INSTRUCTIONS TO FOLLOW:
In your copy of the listing below, reproduce each word exactly and include no pictures.

COLLECTED DATA:
● ● ● ● ●

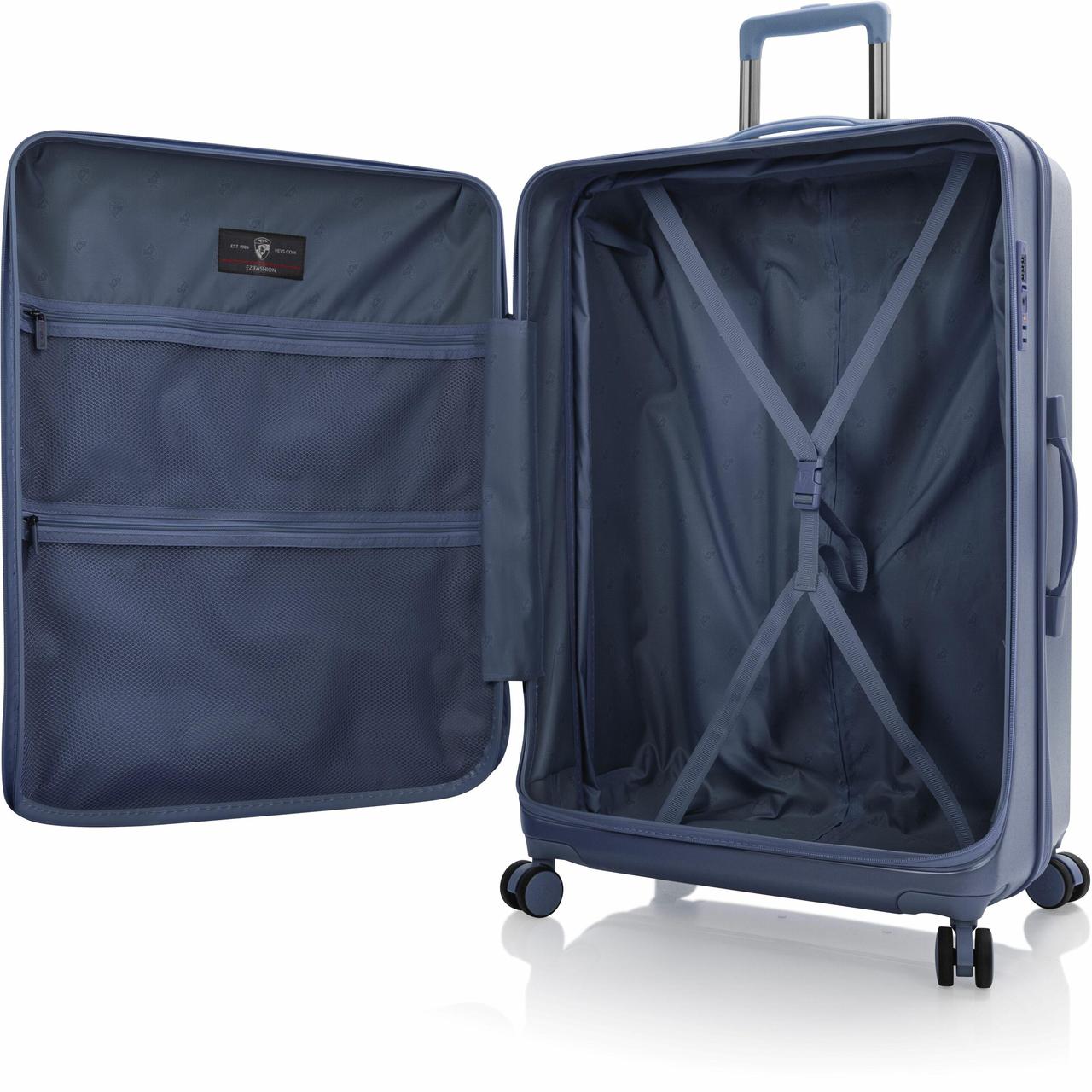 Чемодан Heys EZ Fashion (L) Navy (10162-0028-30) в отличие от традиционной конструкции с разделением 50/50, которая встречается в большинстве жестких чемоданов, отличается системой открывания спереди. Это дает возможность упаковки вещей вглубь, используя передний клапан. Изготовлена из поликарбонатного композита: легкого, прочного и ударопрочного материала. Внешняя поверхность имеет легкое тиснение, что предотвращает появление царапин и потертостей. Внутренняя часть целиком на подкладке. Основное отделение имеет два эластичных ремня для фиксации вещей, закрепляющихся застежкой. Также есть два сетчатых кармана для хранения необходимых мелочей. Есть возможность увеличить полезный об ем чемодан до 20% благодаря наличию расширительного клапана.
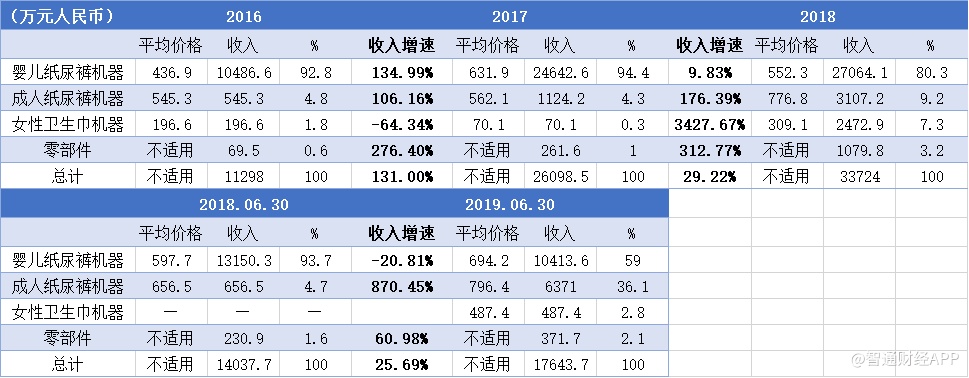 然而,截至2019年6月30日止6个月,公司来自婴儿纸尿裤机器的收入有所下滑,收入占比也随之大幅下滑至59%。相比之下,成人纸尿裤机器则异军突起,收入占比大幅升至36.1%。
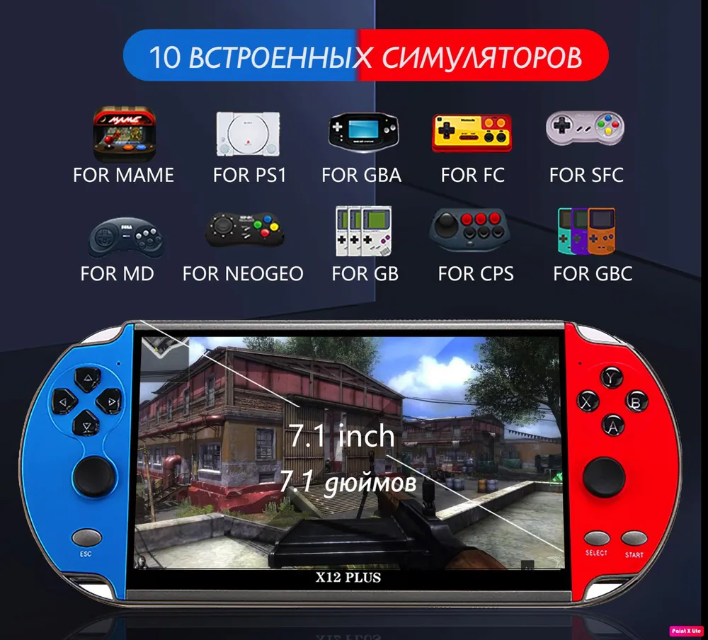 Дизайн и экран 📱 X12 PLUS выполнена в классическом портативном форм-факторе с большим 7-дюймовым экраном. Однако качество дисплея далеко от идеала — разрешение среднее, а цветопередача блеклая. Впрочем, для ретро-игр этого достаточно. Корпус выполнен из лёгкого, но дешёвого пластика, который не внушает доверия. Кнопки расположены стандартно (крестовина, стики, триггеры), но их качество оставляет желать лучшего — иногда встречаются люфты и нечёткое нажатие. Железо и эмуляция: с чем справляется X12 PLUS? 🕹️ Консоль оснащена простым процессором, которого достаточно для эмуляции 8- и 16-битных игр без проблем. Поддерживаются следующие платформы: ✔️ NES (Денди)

● ● ● ● ●

EXERCISE OUTPUT:
 Чемодан Heys EZ Fashion (L) Navy (10162-0028-30) в отличие от традиционной конструкции с разделением 50/50, которая встречается в большинстве жестких чемоданов, отличается системой открывания спереди. Это дает возможность упаковки вещей вглубь, используя передний клапан. Изготовлена из поликарбонатного композита: легкого, прочного и ударопрочного материала. Внешняя поверхность имеет легкое тиснение, что предотвращает появление царапин и потертостей. Внутренняя часть целиком на подкладке. Основное отделение имеет два эластичных ремня для фиксации вещей, закрепляющихся застежкой. Также есть два сетчатых кармана для хранения необходимых мелочей. Есть возможность увеличить полезный об ем чемодан до 20% благодаря наличию расширительного клапана.
 然而,截至2019年6月30日止6个月,公司来自婴儿纸尿裤机器的收入有所下滑,收入占比也随之大幅下滑至59%。相比之下,成人纸尿裤机器则异军突起,收入占比大幅升至36.1%。
 Дизайн и экран 📱 X12 PLUS выполнена в классическом портативном форм-факторе с большим 7-дюймовым экраном. Однако качество дисплея далеко от идеала — разрешение среднее, а цветопередача блеклая. Впрочем, для ретро-игр этого достаточно. Корпус выполнен из лёгкого, но дешёвого пластика, который не внушает доверия. Кнопки расположены стандартно (крестовина, стики, триггеры), но их качество оставляет желать лучшего — иногда встречаются люфты и нечёткое нажатие. Железо и эмуляция: с чем справляется X12 PLUS? 🕹️ Консоль оснащена простым процессором, которого достаточно для эмуляции 8- и 16-битных игр без проблем. Поддерживаются следующие платформы: ✔️ NES (Денди)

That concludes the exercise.